Do you remember how it snowed on the night that we met? Your eyes met mine, and in that moment, it felt as if I had found you again from another lifetime. You shot me a mischievous smile. "No, no, Nina," my friends warned, "he definitely will not be good for you." I put your face between my warm palms and kissed you anyways. I really had no choice, you see. I loved you from the beginning.
We walked the snow covered streets of Boston with its seductive lights glistening across the wet pavement. We lived in our own dream, exhilarated by the wonder of this -- the beginning of all beginnings, the last first kiss. Just you and me. I read that falling in love is a lot like falling asleep. It happens slowly at first and then all at once -- like the slow tide that draws you in and then swallows you whole before you even realize it.
I knew you loved me when I opened your refrigerator. You had cooked an impressive dinner, and we ended the meal with a decadent blackberry mousse. I knew you loved me when I opened your refrigerator to find twelve blackberry mousses that you would not serve me. You have always wanted everything to be perfect for me. That night, you wanted perfection in the blackberry mousse.

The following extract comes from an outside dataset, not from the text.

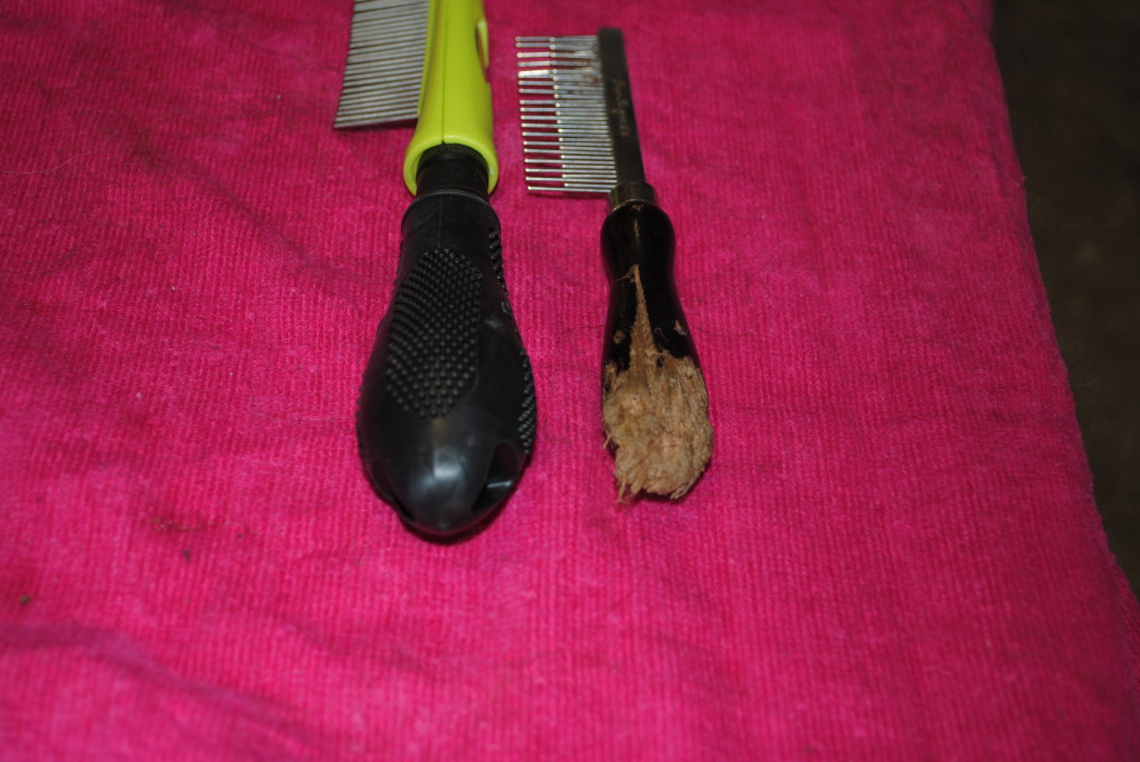 Comfortable handles are important when you do a lot of grooming. I have had my hand cramp many times during a grooming session. I mean look at the comb I was using before I got my new one.

My sweet love, how terrible life can be. I'm so sorry that I have pulled you into the unyielding wrath of my illness. I'm afraid that it has left you a little bit broken, so scarred by the profound reality that there is actually no perfection in this world. So scarred by the profound reality of my mortality. Sometimes, I find you gazing listlessly into the distance. I wonder what you're thinking, and then your poor terrified eyes fall upon me. You are caught in a storm, gasping desperately for air unable to breathe at the thought of life without me.
These days when our eyes meet, there is so much worry, my dear. The lightness has been replaced by something so heavy that I fear you will sink into the quicksand. There is not a single moment that I take for granted how desperately you love me. I love you more for it each day.
In Buddhism, we learn that there is only one certainty in life which is that we will all inevitably face death. I understand this more now, and it makes me so eager to live, Matt. I want us to live each moment as the best versions of ourselves. I want us to love in a way we never knew possible. I want us to live life like it is meant to be lived: Awake.
Put your hands in mine, my love. Let's not worry about tomorrow. Let me just love you in this moment and find shelter in the warmth of your embrace.
Put your hands in mine, my love. Let us watch every sunset and drown in the beauty of the fiery rouge spilling across the waves.
Put your hands in mine, my love. And dream of how wrinkled our hands will look years from now as we grow old together fingers intertwined.